The paper tackled the problem of limited and imbalanced biomedical datasets for white blood cell classification, a critical task in diagnosing hematological malignancies like AML, by introducing CytoDiff, a stable diffusion model that generates synthetic images, resulting in accuracy improvements from 27% to 78% for ResNet and from 62% to 77% for CLIP-based classifiers.

Biomedical datasets are often constrained by stringent privacy requirements and frequently suffer from severe class imbalance. These two aspects hinder the development of accurate machine learning models. While generative AI offers a promising solution, producing synthetic images of sufficient quality for training robust classifiers remains challenging.

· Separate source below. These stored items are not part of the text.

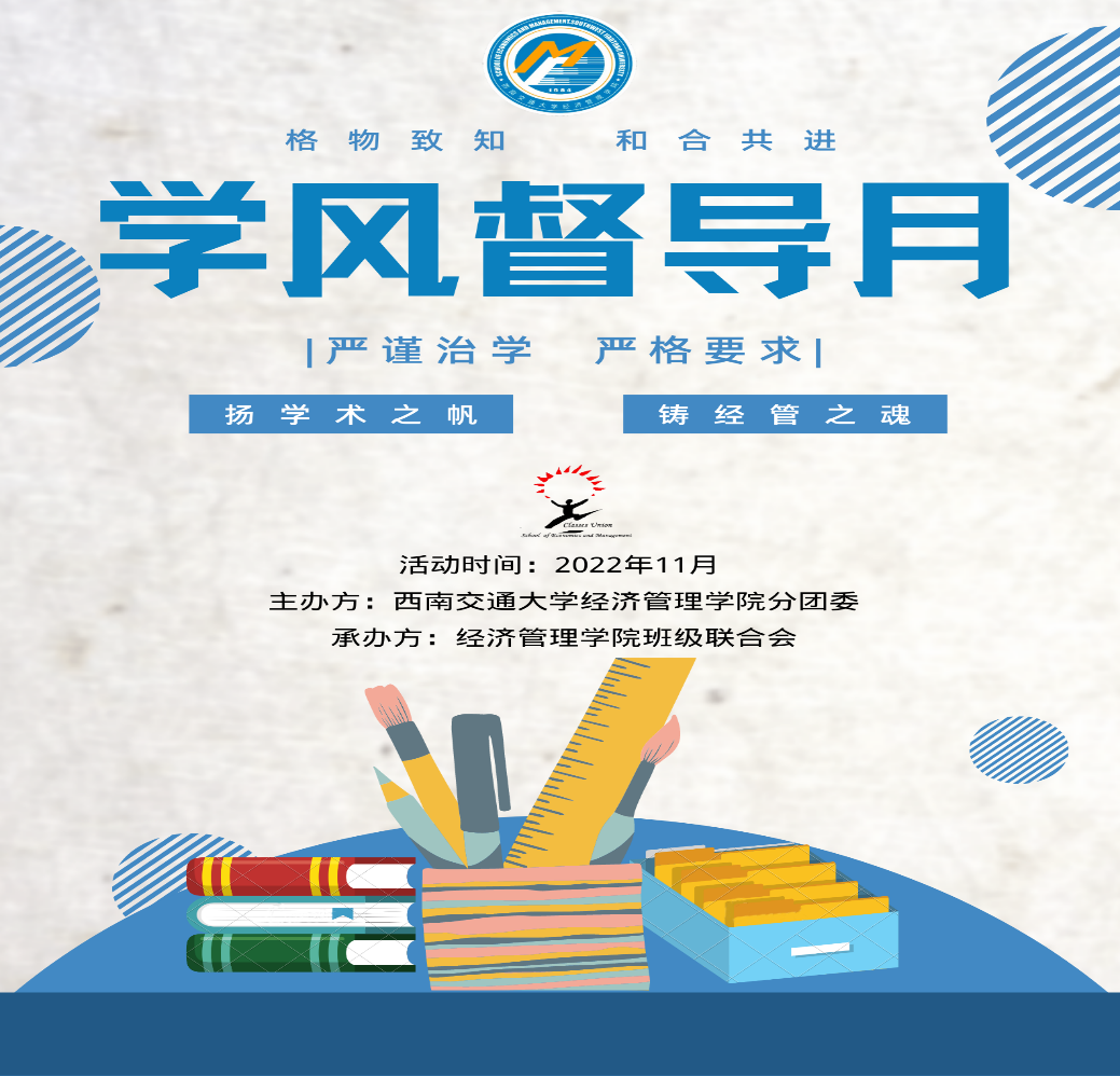 2022年11月7日,“扬学术之帆 铸经管之魂”学风督导月活动正式开始。本次活动历时一个月,主要包括课堂督察、学风建设活动、中期学委交流会、学风建设沙龙、决赛答辩系列环节。活动对象为HAHA体育本科2021、2022级所有员工。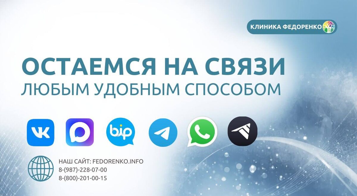 ! Π§ΡΠΎΠ±Ρ ΠΎΡΡΠ°Π²Π°ΡΡΡΡ Π½Π° ΡΠ²ΡΠ·ΠΈ, ΠΌΡ ΠΈΡΠΏΠΎΠ»ΡΠ·ΡΠ΅ΠΌ Π²ΡΠ΅ Π΄ΠΎΡΡΡΠΏΠ½ΡΠ΅ ΠΊΠ°Π½Π°Π»Ρ ΠΊΠΎΠΌΠΌΡΠ½ΠΈΠΊΠ°ΡΠΈΠΈ. ΠΠΎΠ½ΡΠ°ΠΊΡΡ Π΄Π»Ρ ΡΠ²ΡΠ·ΠΈ Ρ Π°Π΄ΠΌΠΈΠ½ΠΈΡΡΡΠ°ΡΠΈΠ΅ΠΉ ΠΊΠ»ΠΈΠ½ΠΈΠΊΠΈ: π ΠΠ΄ΠΌΠΈΠ½ΠΈΡΡΡΠ°ΡΠΎΡ (ΠΎΡΠΈΡΠΈΠ°Π»ΡΠ½ΡΠΉ Π½ΠΎΠΌΠ΅Ρ, ΡΠ°ΠΊΠΆΠ΅ Π΄ΠΎΡΡΡΠΏΠ΅Π½ Π² MAX, BIP, Telega ΠΈ WhatsApp): +7 987 228-07-00 π ΠΡΠΈΡΠΈΠ°Π»ΡΠ½ΡΠΉ ΡΠ°ΠΉΡ ΠΊΠ»ΠΈΠ½ΠΈΠΊΠΈ: https://fedorenko.info/ π± Telegram-ΠΊΠ°Π½Π°Π»: https://dzen.ru/id/6385f6f0f9a4263978c02d02 π²Telegram (Π°Π΄ΠΌΠΈΠ½ΠΈΡΡΡΠ°ΡΠΎΡ): @fedorenkoinfo_administrator π² MAX (ΠΊΠ°Π½Π°Π»): https://max.ru/join/9Kn2oLQcyn-P_qxWtb67GL2Z9ev68t5Gxpib9dGorIA π Π‘ΠΎΠΎΠ±ΡΠ΅ΡΡΠ²ΠΎ ΠΠΠΎΠ½ΡΠ°ΠΊΡΠ΅: https://vk.ru/fedorenkoinfo ΠΡΡΠ°Π΅ΠΌΡΡ Π½Π° ΡΠ²ΡΠ·ΠΈ! Π‘ ΡΠ²Π°ΠΆΠ΅Π½ΠΈΠ΅ΠΌ, Π°Π΄ΠΌΠΈΠ½ΠΈΡΡΡΠ°ΡΠΈΡ ΠΠ»ΠΈΠ½ΠΈΠΊΠΈ ΠΊΠΎΠ³Π½ΠΈΡΠΈΠ²Π½ΠΎΠΉ ΠΏΡΠΈΡ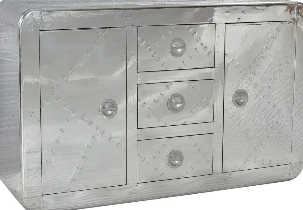 bois de manguier massif (Inde) avec MDF (panneau de fibres de bois de densité moyenne) et ferrures en alu ton argent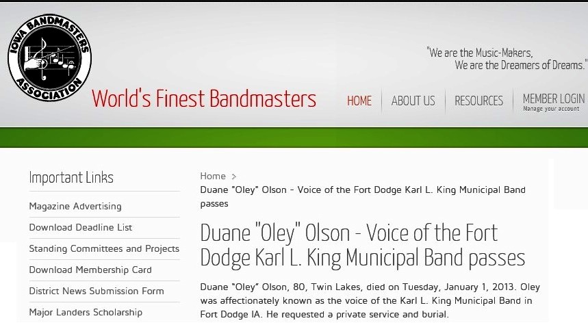 Duane "Oley" Olson - Voice of the Fort Dodge Karl L. King Municipal Band passes Duane “Oley” Olson, 80, Twin Lakes,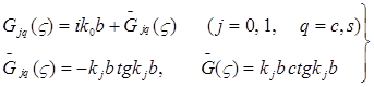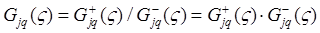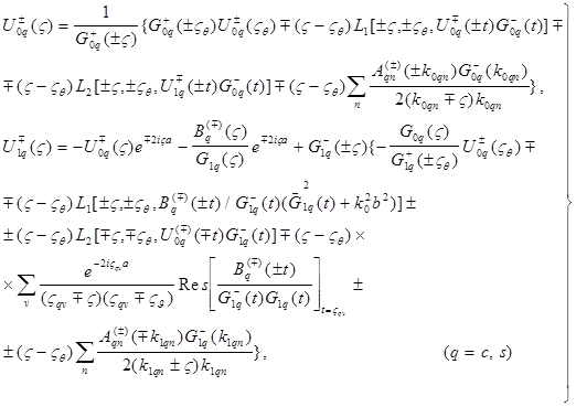 Что касается системы уравнений Винера-Хопфа, представленной формулой (24), то ее решение можно найти, выполняя интегрирование вдоль разрезов от точек ветвления в разложениях керн-функций на множители. При выполнении расчетов возникают определенные затруднения, однако вывод решений проводится автоматически. Сначала выполняем разложение керн-функций на частное (произведение) функций, регулярных в верхней полуплоскости и в нижней полуплоскости, и, сверх того, не имеющих нулей (j =0, 1, q = c , s ):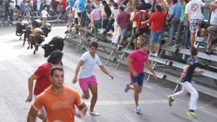 CALASPARRA (Murcia). Martes, 3 Septiembre 2013. Prensa-Calasparra. Los novillos, de impresionantes hechuras, han salido en grupo a una velocidad endiablada, dejando atrás a los mansos. El primer encierro de Calasparra ha sido rápido y limpio, sin dejar ni un solo herido por ninguna circunstancia, ha señalado el edil de Seguridad y Festejos, José Vélez, quien también ha destacado la afluencia de público, a pesar de ser día laboral.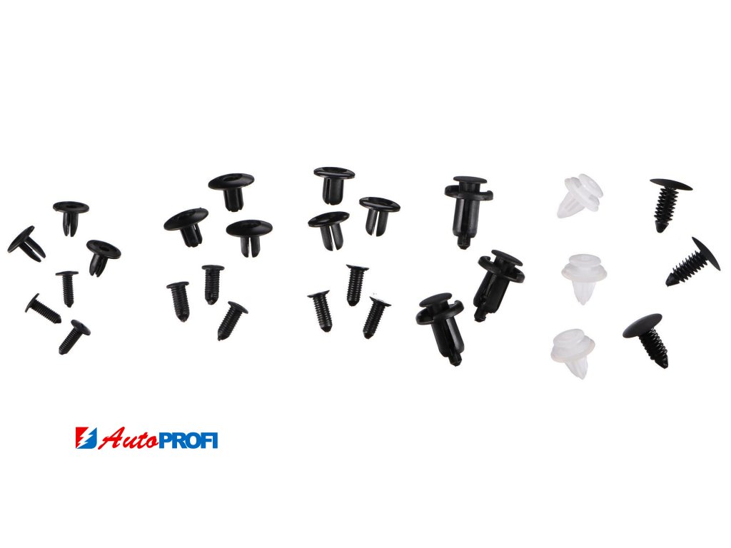 - 6 druhů příchytek a kolíků pro fixaci nárazníků, blatníků, krytů, čalounění (kufru), sedadel a obložení, uchycení dveřích panelů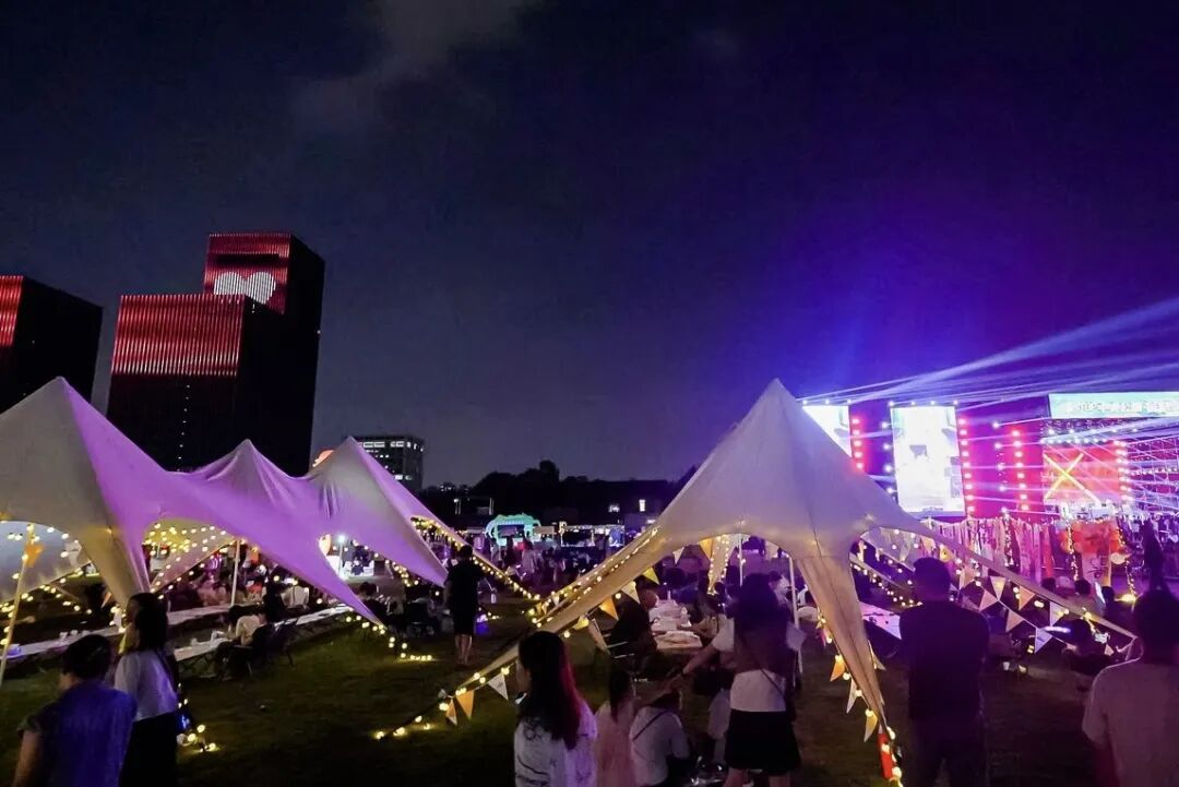 姚先生和朋友们共十人,四个家庭早早抢下了四辆房车。他们来自天南海北,如今在上海扎根,收获了事业与爱情,真正体会到了“此心安处是吾乡”的归属感。此刻,他们从上海的各个角落汇聚于普陀,在天幕下畅谈,随着音乐惬意摇摆。“我们是特地抢票来的,非常开心!”姚先生说道,“我一直喜欢露营,但这是第一次在上海市中心找到这么好的草坪,既有一种自由洒脱的快感,又是一种‘大隐隐于市’的奇妙体验。”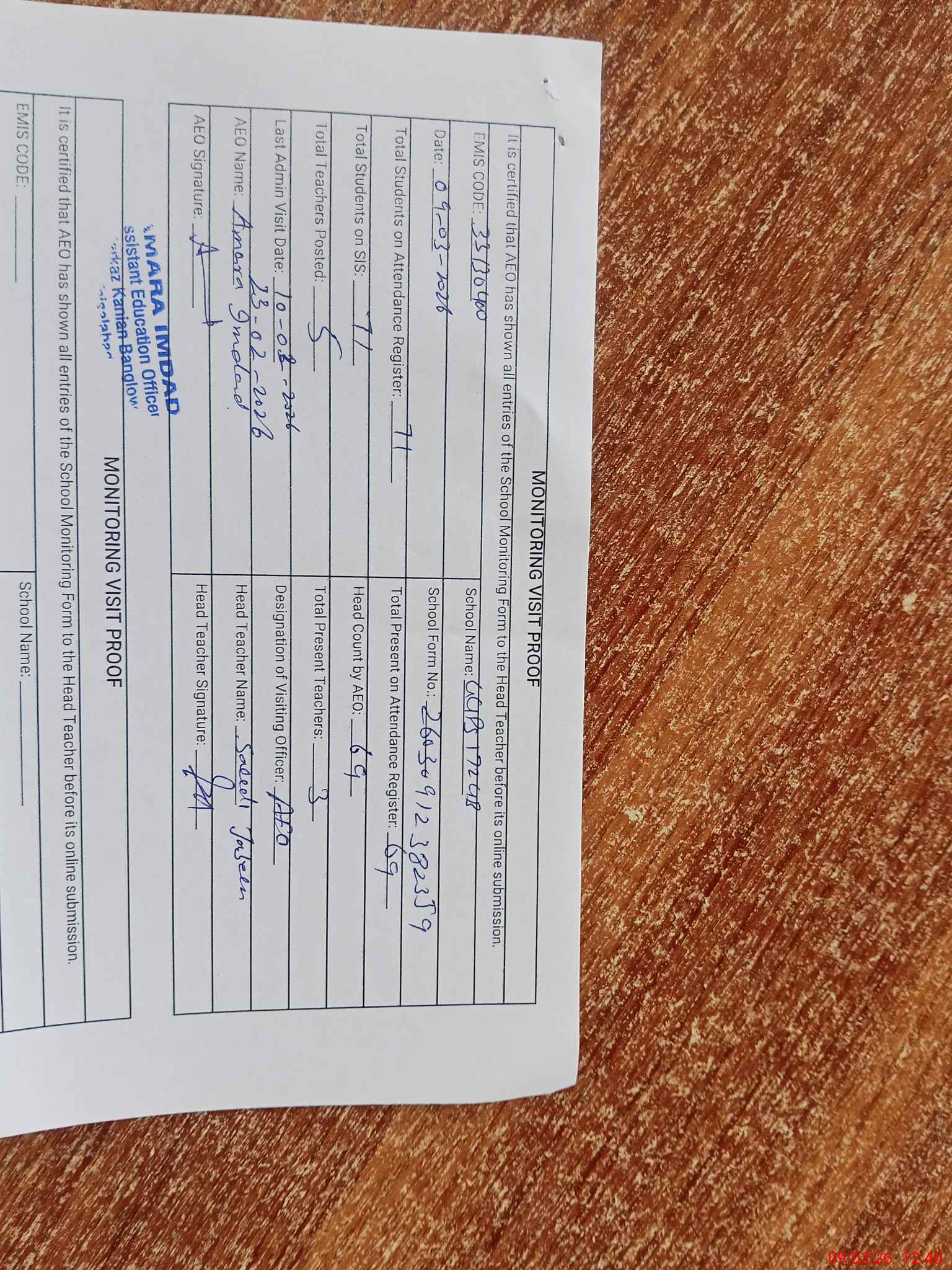 | Attendance Register | Head Teacher | MEA with School | Visit Proof |

This work addresses the classification of individual white blood cells, a critical task in diagnosing hematological malignancies such as acute myeloid leukemia (AML). We introduce CytoDiff, a stable diffusion model fine-tuned with LoRA weights and guided by few-shot samples that generates high-fidelity synthetic white blood cell images. Our approach demonstrates substantial improvements in classifier performance when training data is limited. Using a small, highly imbalanced real dataset, the addition of 5,000 synthetic images per class improved ResNet classifier accuracy from 27\% to 78\% (+51\%). Similarly, CLIP-based classification accuracy increased from 62\% to 77\% (+15\%). These results establish synthetic image generation as a valuable tool for biomedical machine learning, enhancing data coverage and facilitating secure data sharing while preserving patient privacy. Paper code is publicly available at https://github.com/JanCarreras24/CytoDiff.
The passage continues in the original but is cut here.